BERT (Bidirectional Encoder Representations from Transformers)
Google's language model that revolutionized how AI understands context. Unlike older models, BERT reads sentences in both directions simultaneously, which provides better understanding. Used behind the scenes in Google Search.
C
ChatGPT
OpenAI's popular conversational AI that can write texts, answer questions, code, analyze, and much more. Uses GPT models (Generative Pre-trained Transformer) and has become synonymous with "talking to AI."
→ Test ChatGPT
Claude
Anthropic's AI assistant known for longer conversations, better security, and ability to manage large amounts of text. Often preferred by developers and companies who want more controllable AI.
→ Test Claude
Computer Vision
AI that can "see" and interpret images and video. Used for facial recognition, self-driving cars, medical diagnosis from X-rays, and quality control in factories.

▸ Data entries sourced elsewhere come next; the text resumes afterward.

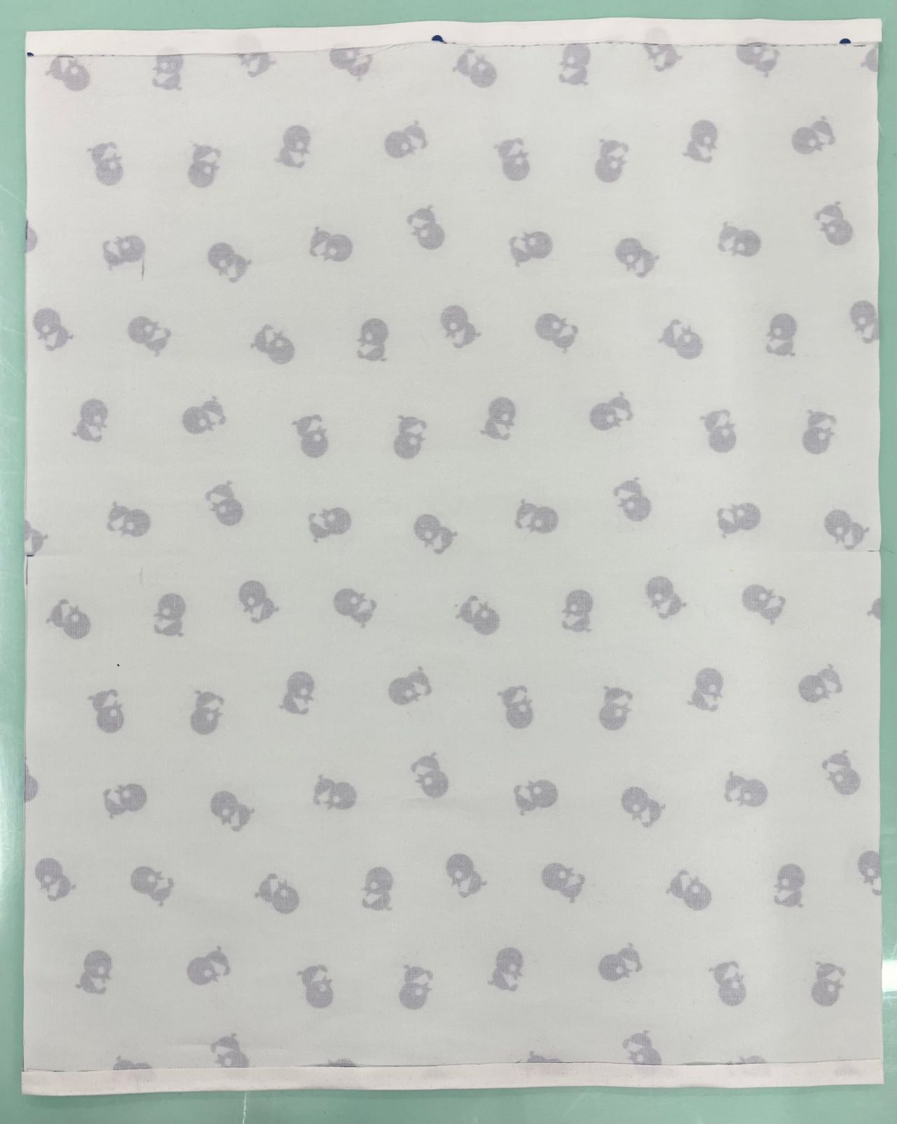 ①ティッシュの取り出し口になる方の布端を裏側に1cm折り、ボンドで貼って固定する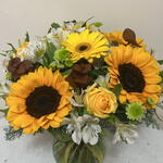 Gerbera - 3 ud. girasoles - 4 ud. rosa amarilla - 4 ud. follajes varios - 10 ud.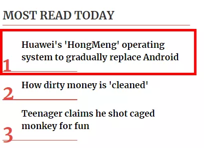 法新社对“鸿蒙”系统的报道,经马来西亚最大的英文媒体《新海峡时报》转载,成为后者今日网站阅读量最高的文章: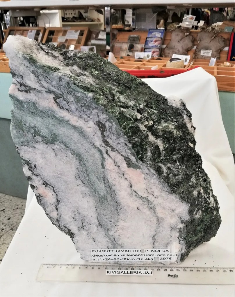 Hieno Fuksiitti (kvartsi) pala, koko n.11×24-26×33cm ja paino 12.4kg (2 saha pintaa ja yksi porakangen jälki). Harvinainen smaragdinvihreä muskoviitin kiilteinen ja kromipitoinen johdannainen. Fuksiitti on uudistumisen ja uusiutumisen kivi, joka ylläpitää yleistä hyvinvointia. Se auttaa organisoimaan asioita tiettyjen aikataulujen puitteissa ja lisää joustavuutta kaikilla tasoilla. Kivi sopii erinomaisesti puutarhureille sillä se kohottaa ilon tunteita luonnon kauneudesta ja omaa läheiset yhteydet deevoihin (luonnonhenki, elementti tuli, vesi, maa tai ilma). Chakra: Sydän- ja Kruunuchakra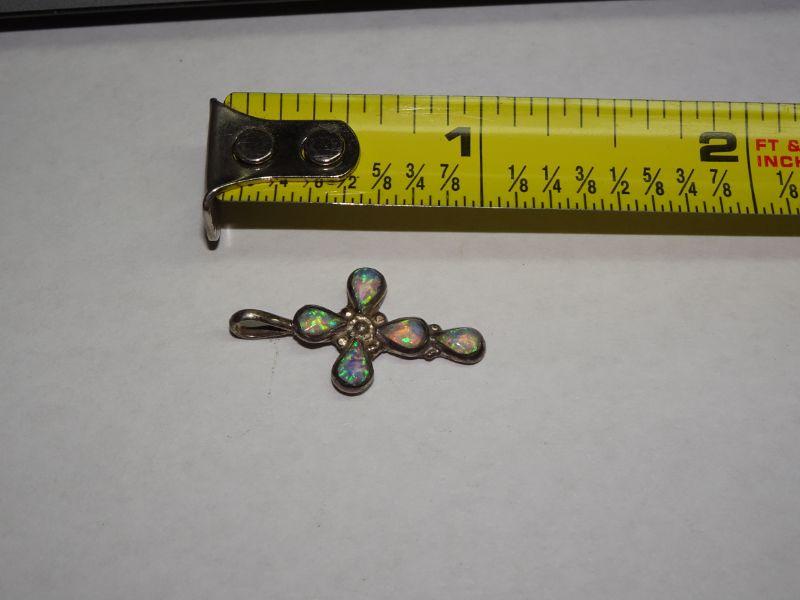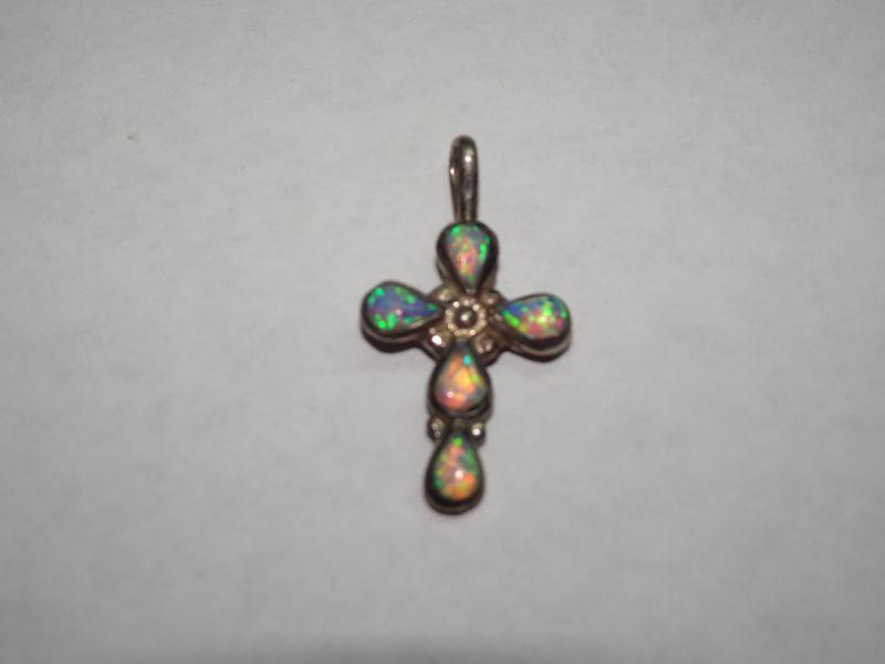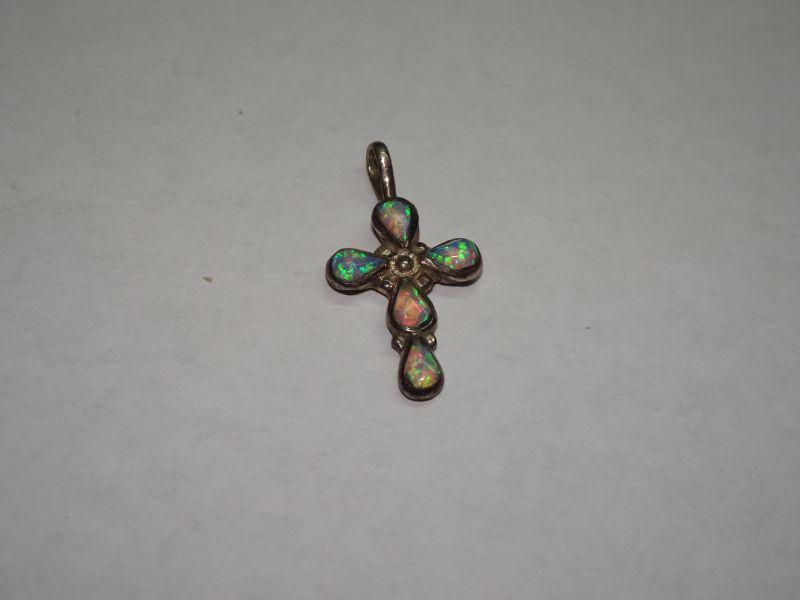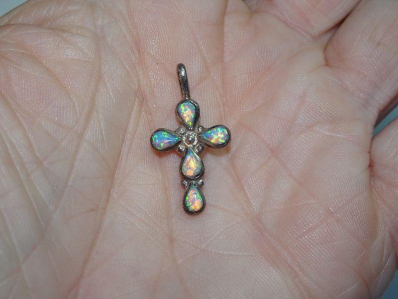 Vintage Sterling Silver Opal Cross, Child's Cross, Religious Icon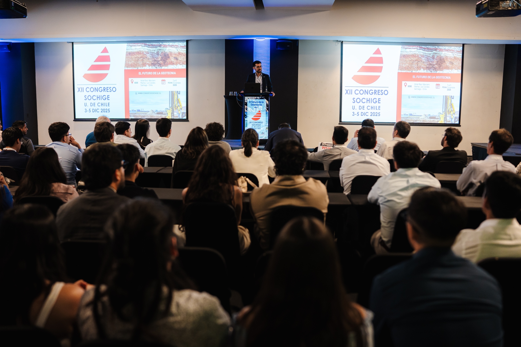 Entre el 3 y el 5 de diciembre de 2025, el Hotel Best Western Marina Las Condes, Santiago, fue el punto de encuentro de la comunidad geotécnica nacional e internacional con la realización del XII Congreso Chileno de Geotecnia, organizado por la Sociedad Chilena de Geotecnia (SOCHIGE) y el Departamento de Ingeniería Civil de la Universidad de Chile.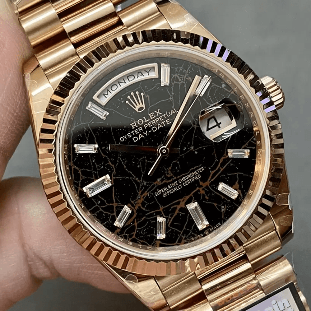 QF공장 롤렉스 데이데이트 검판 아이젠키젤 다이얼 바게트다이아 RG 금통 40mm V5(텅스텐 헤비 버전) 228235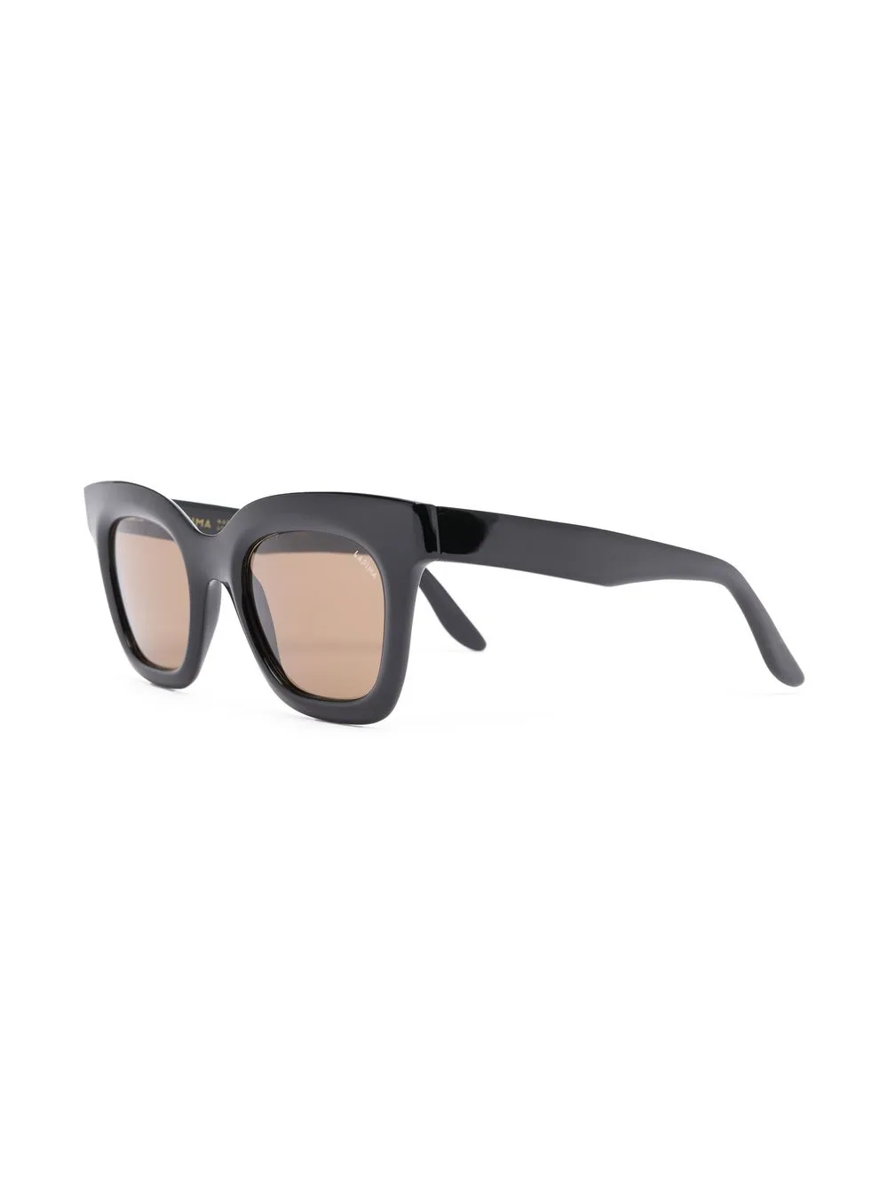 Zwart, acetaat, gekleurde glazen, vierkant montuur en rechte pootjes. Deze bril wordt verkocht met een beschermhoes..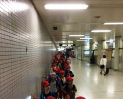 1年生・つくし学級児童が,無事に国際会館駅に到着し,子どもの楽園へ向かっています。
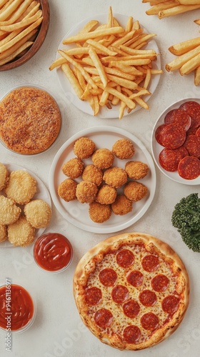 Several fast food items are arranged on a table, including pizza, fries, chicken nuggets, and various dipping sauces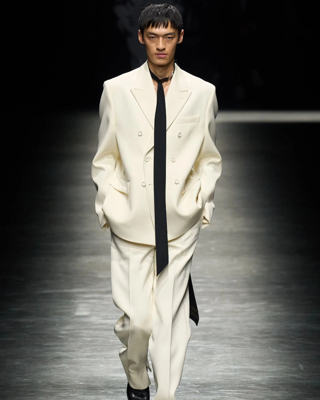 Aside from expected houses like Brunello Cucinelli and Brioni, almost every FW24 collection had at least one take on the classic suit. The ambassadors of sleek suiting and super luxe aesthetics this fashion week were Dolce & Gabbana with their Milan show called "Sleek." The designer duo’s collection was all about elegance and meticulous tailoring but yet with the D&B twist to it. Monochrome, jet-black dinner suits, ties, and pleated cummerbund were the basis of the show. Bespoke tailoring was also the protagonist in S.S. Daley's very Saltburn-ish collection.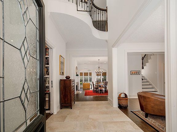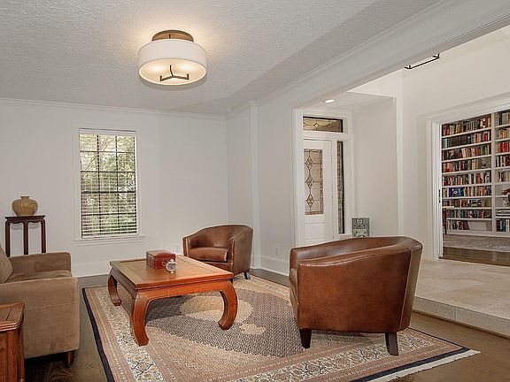 Spectacular Jeff Paul custom home on nearly an acre lot in Grogan's Point! Highlights of this home include an extra deep 3 car garage with epoxy floor + 3 car porte-cochere, 3/4" oak hardwood flooring, Plantation shutters, high baseboards, transom windows and detailed trim work. As you enter, to your left you'll find a study lined in book shelves and a pocket door for privacy. On your right is a formal/flex space. The dining room features a gas log fireplace and opens to the magnificent sunroom. Island kitchen with custom soft close cabinets and drawers, double oven, gas cooktop and adjacent bar with beverage fridge; owner's retreat down has a gorgeous remodeled bath and 2 walk-in closets; game room with French doors and 3 bedrooms with en-suite baths up; The private yard provides a serene, park-like setting and backs to a green space. With 2 covered patios, an island with bar seating for al fresco dining, outdoor kitchen, fireplace, Pebble-Tec pool and spa, you'll never want to leave!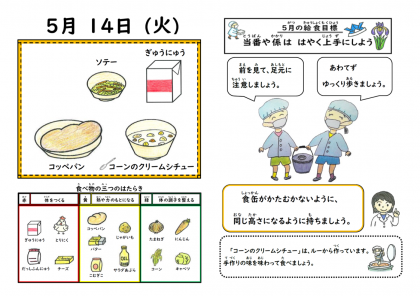 人気のパン献立の日でした。つぶつぶの甘いコーンがおいしい、シチューとパンを組み合わせておいしそうに食べている様子が見られました。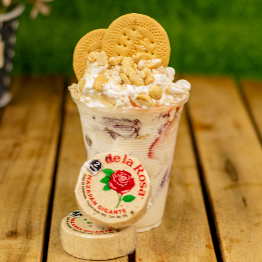 Fresas con crema y crema batida, mazapán, cacahuate, galleta maría.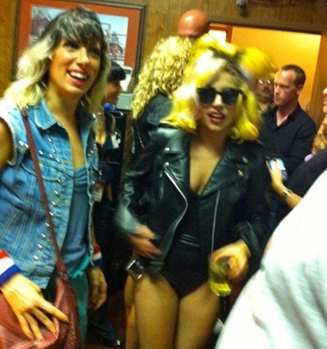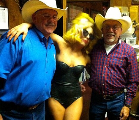 Η Lady Gaga με ένα kinky look -φορώντας ένα βινύλ κορμάκι κι ένα μπουφάν τύπου perfecto (το οποίο στην πορεία το έβγαλε)- πήγε στο σαλούν στο Ντάλας και φωτογραφήθηκε με τους all time classic καουμπόηδες που συχνάζουν εκεί.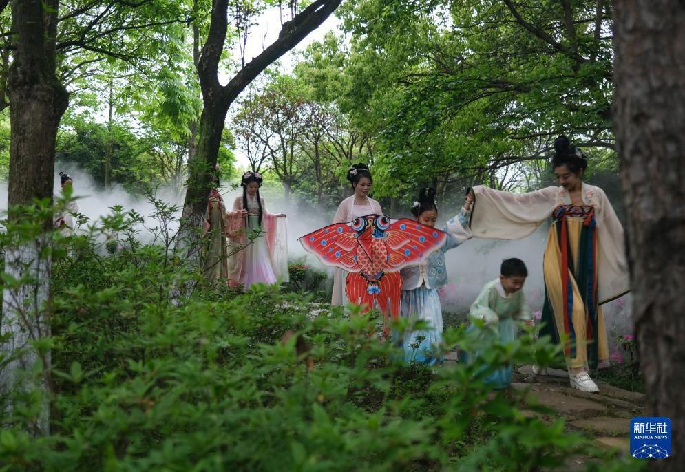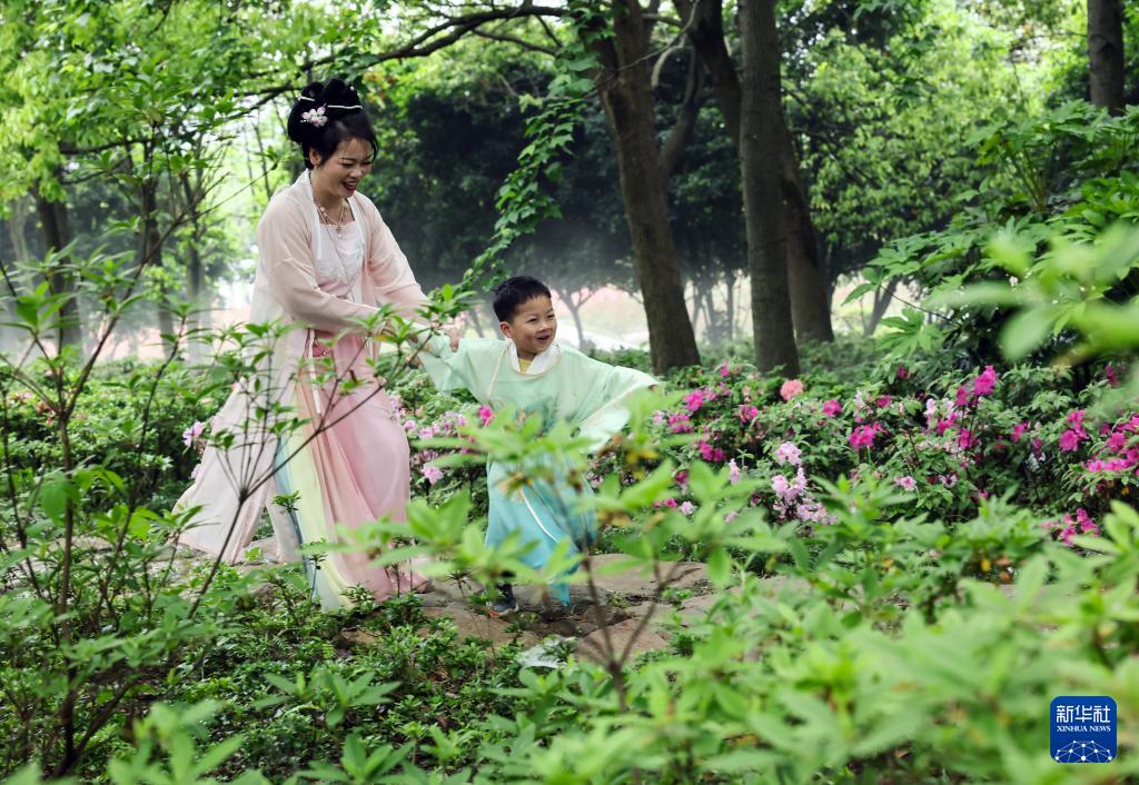 4月27日,汉服爱好者在植物园杜鹃谷游玩。为吸引游客,植物园推出汉服打卡地。(新华社记者 兰红光 摄)

→ See image analysis tools
Context Window
How much text an AI can "remember" at once. GPT-4 can handle ~128,000 tokens (about 300 pages), while older models could only handle a few sentences. Larger context = better understanding of long documents.
D
DALL-E
OpenAI's AI for image generation from text descriptions. Type "a cat in a spacesuit painting watercolor on Mars" and get a photorealistic image in seconds. Latest version (DALL-E 3) is integrated in ChatGPT Plus.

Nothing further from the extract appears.